___ Recorded information

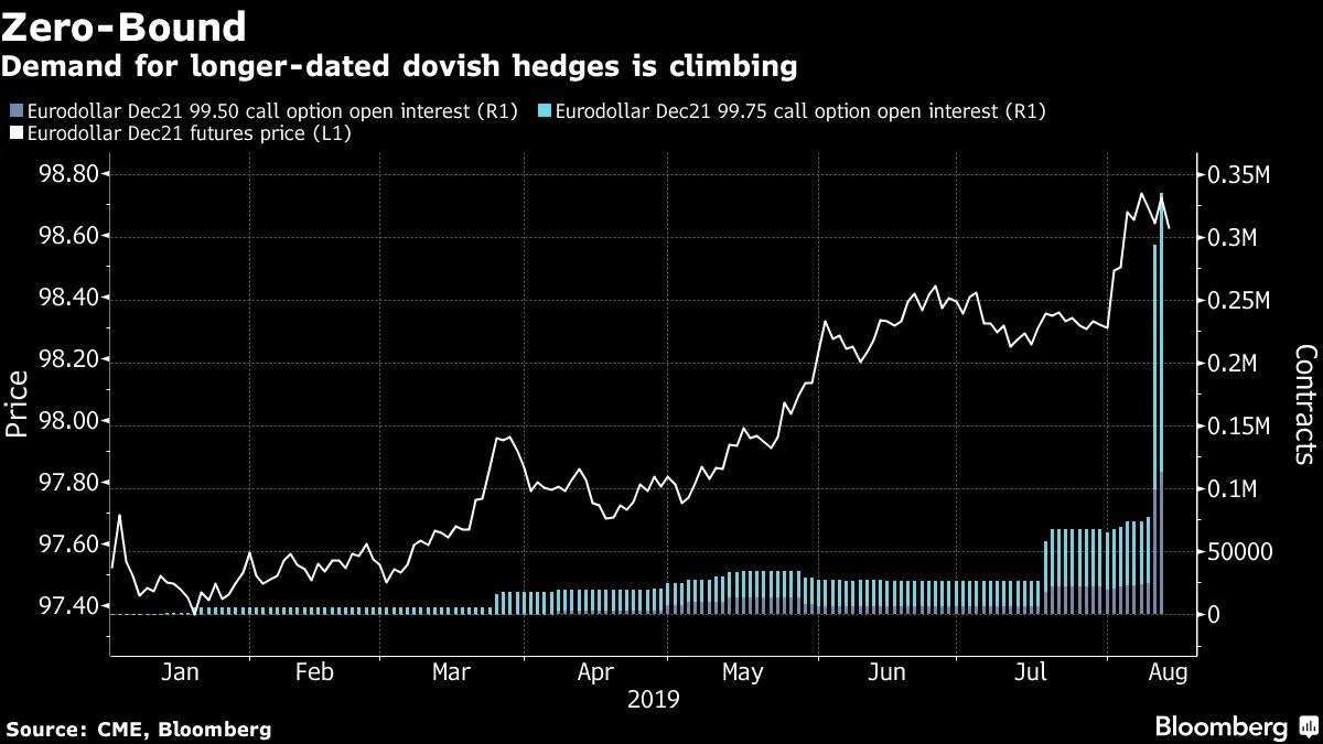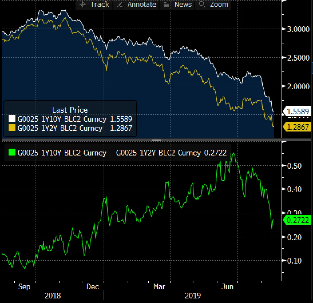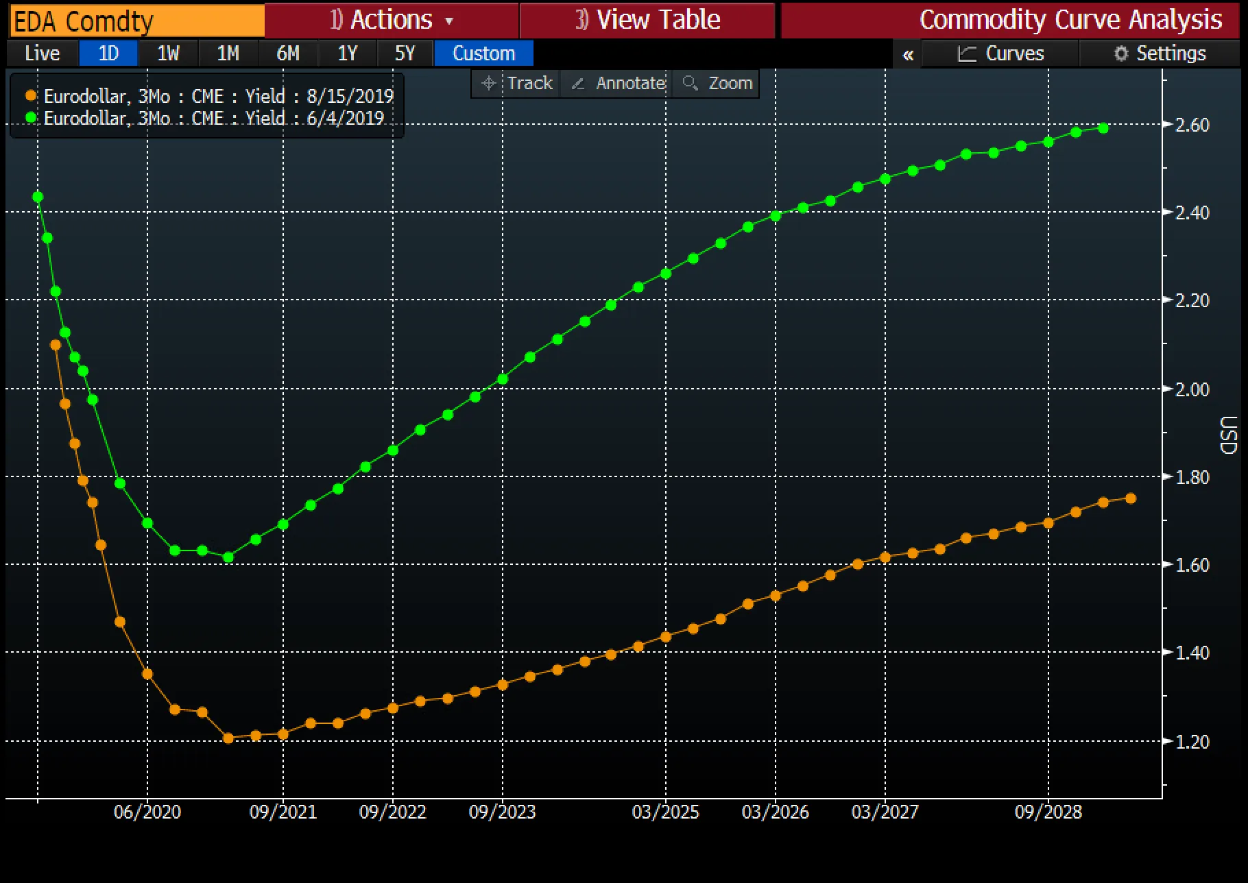 在美联储主席杰罗姆·鲍威尔在6月初的“适当行动”之后,欧元美元期货曲线指向美联储的宽松周期,并预计在预测范围内恢复到当前中性利率的水平。但现在情况不再如此:市场隐含的基本情况是更深的宽松周期,利率将保持较低水平更长时间。与此同时,远期曲线所隐含的扭曲加 steepening 的程度已经崩溃。
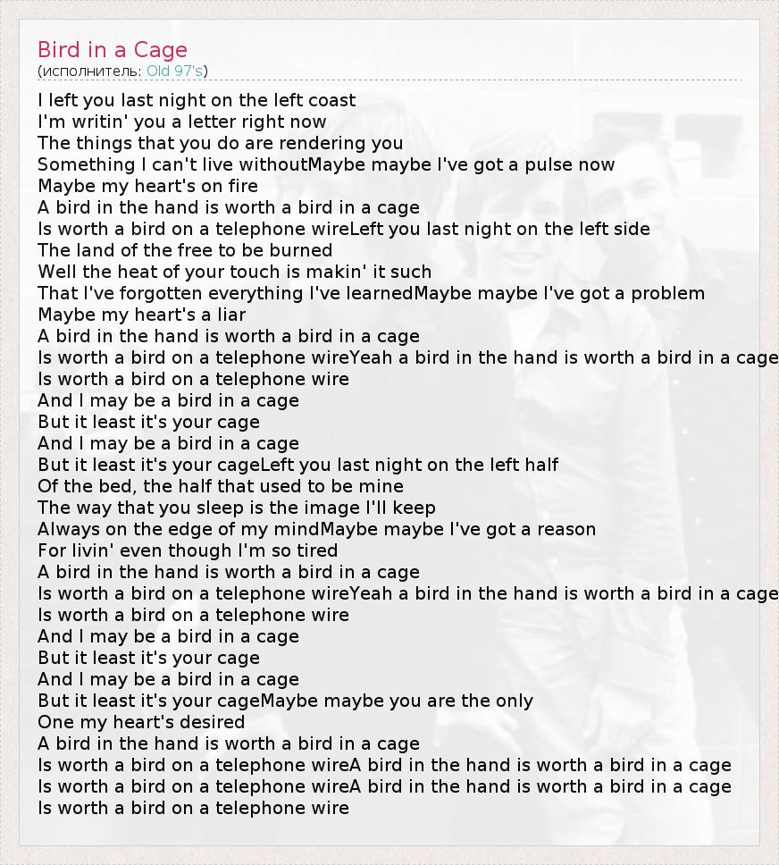 А как ты думаешь, о чем песня "Bird in a Cage" ?
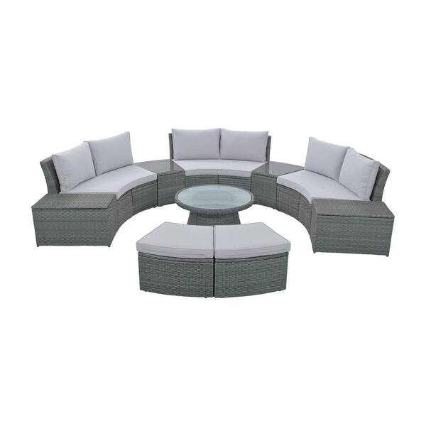 10-Piece Wicker Half Round Patio Conversation Set with Light Gray Cushions
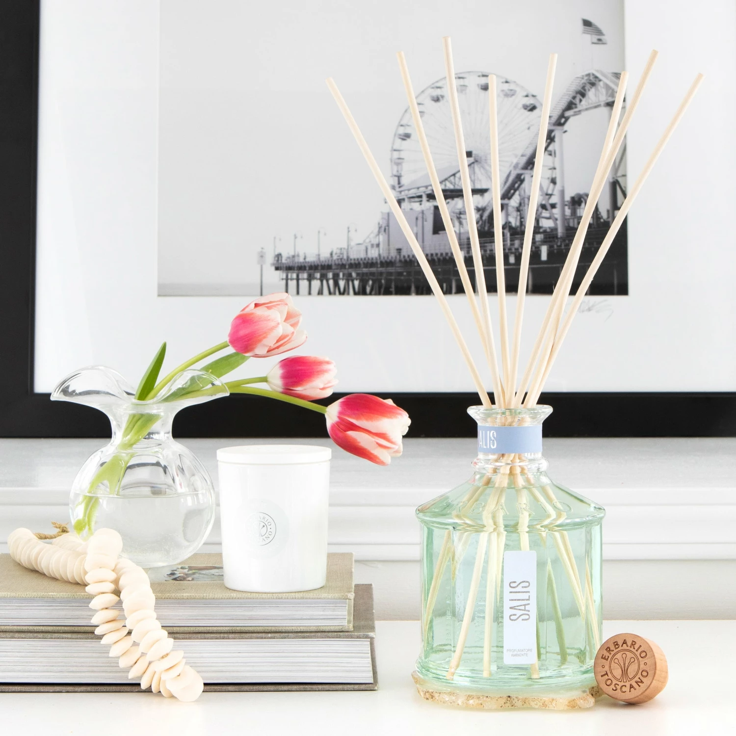 A celebration of the Mediterranean seaβs freshness and energy, the Salis Luxury Home Fragrance Diffuser has hints of thyme and chamomile that mingle and meld with the mineral saltiness of the ocean air. The diffuser comes in a beautiful mouthblown vessel that doubles as artwork in your home. To use, remove the stopper and dip the sticks into the fragrance. Flip the sticks upside down in order to renew the fragrance.

______

Output the whole of the data, unchanged; keep the pictures out.

 在美联储主席杰罗姆·鲍威尔在6月初的“适当行动”之后,欧元美元期货曲线指向美联储的宽松周期,并预计在预测范围内恢复到当前中性利率的水平。但现在情况不再如此:市场隐含的基本情况是更深的宽松周期,利率将保持较低水平更长时间。与此同时,远期曲线所隐含的扭曲加 steepening 的程度已经崩溃。
 А как ты думаешь, о чем песня "Bird in a Cage" ?
 10-Piece Wicker Half Round Patio Conversation Set with Light Gray Cushions
 A celebration of the Mediterranean seaβs freshness and energy, the Salis Luxury Home Fragrance Diffuser has hints of thyme and chamomile that mingle and meld with the mineral saltiness of the ocean air. The diffuser comes in a beautiful mouthblown vessel that doubles as artwork in your home. To use, remove the stopper and dip the sticks into the fragrance. Flip the sticks upside down in order to renew the fragrance.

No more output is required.